Miran Porrus of Nuestro Centro, a Hispanic community center in Hendersonville, accepted the sanctuary declaration with a fiery attack on U.S. government policies toward the estimated 11 million undocumented immigrants, many of whom came from Mexico and Central America, fleeing violence and seeking better lives for their families.
“The irony is that it is to the advantage of this country to have cheap labor of the immigrants, who under deceptive trade agreements like NAFTA, have had their own lands ravished,” Porrus said.
Such policies do nothing but “criminalize poverty,” she added.
North Carolina was home to some 350,000 undocumented immigrants in 2014, according to the Pew Hispanic Center.
“Our declaration of solidarity means standing with black and brown bodies in the places where they suffer,” Hendler-Voss said. The sanctuary movement also means speaking out against policing that indiscriminately targets minorities, as well as pointing out disparities in housing, health and education that privilege white majorities, she said.
Clergy want to continue conversations with local officials and law enforcement on those issues.
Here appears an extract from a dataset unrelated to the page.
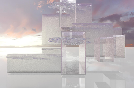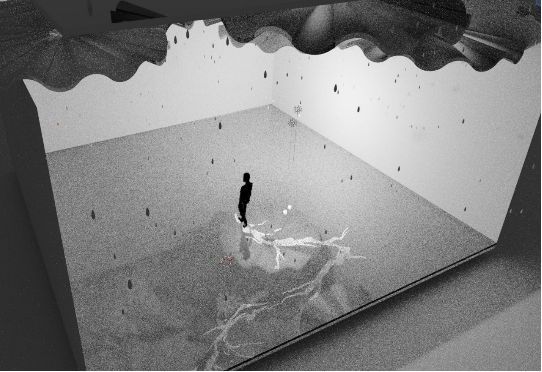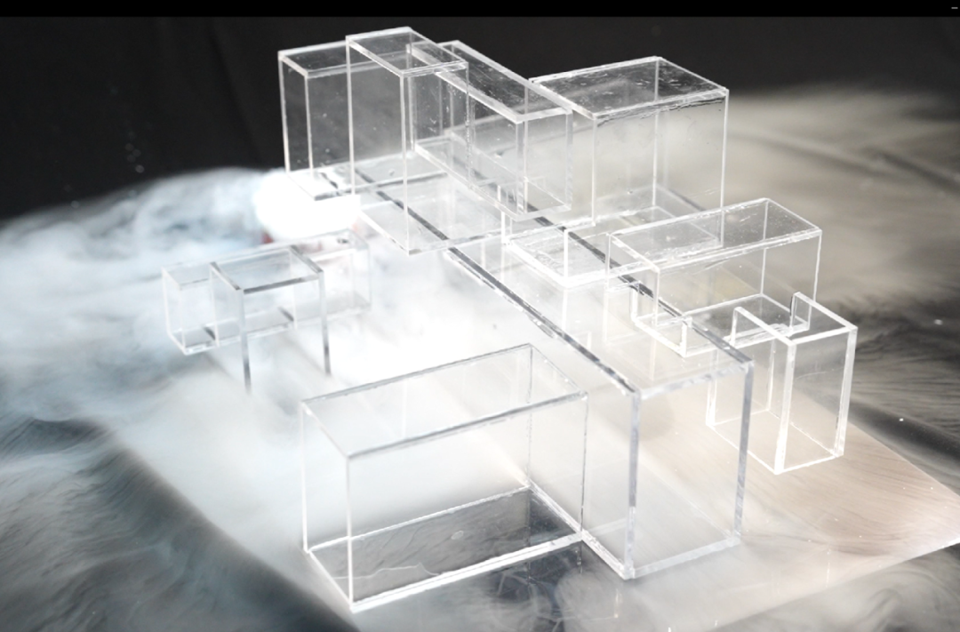作品用磨砂镜子材质的屋顶表现山荷叶的质感。无人时,雨帘装置模仿降雨,可渗水材料模拟的地面呈透明效果;有人踏过时,雨帘停止降水,地面上留下的白色行迹宛如舒展的叶脉。高频闪烁的照明灯还能造就“雨水倒流”的视错觉,引出时光回溯的意蕴。

Organizers said they did not know of any immigrants currently seeking local sanctuary, but “we want to be prepared,” said Aland Ramirez of CIMA, Companeros Immigrants de las Mountainas en Accion.
Sanctuary providers would receive a call from CIMA, saying, “We have a family who we are afraid will be split apart by deportation. Can they come and safely stay in your sanctuary?” said Hendler-Voss. “We would invite them in, provide around-the-clock companionship. We would take on responsibility taking their children to school. We would provide good food and warm fellowship.”
Land of Sky would provide two- to three-day sanctuary until other safe places could be found to provide indefinite stays.
Organizers expect their fight to continue beyond a petition drive and a peace march.
“Until our nation finds the political will to enact justice, a just comprehensive immigration reform, we are prepared to act,” Hendler-Voss said. “We will not be deterred from safeguarding the least of these in God’s house. We will love our neighbors as if they were our own families, our own children, our very selves.”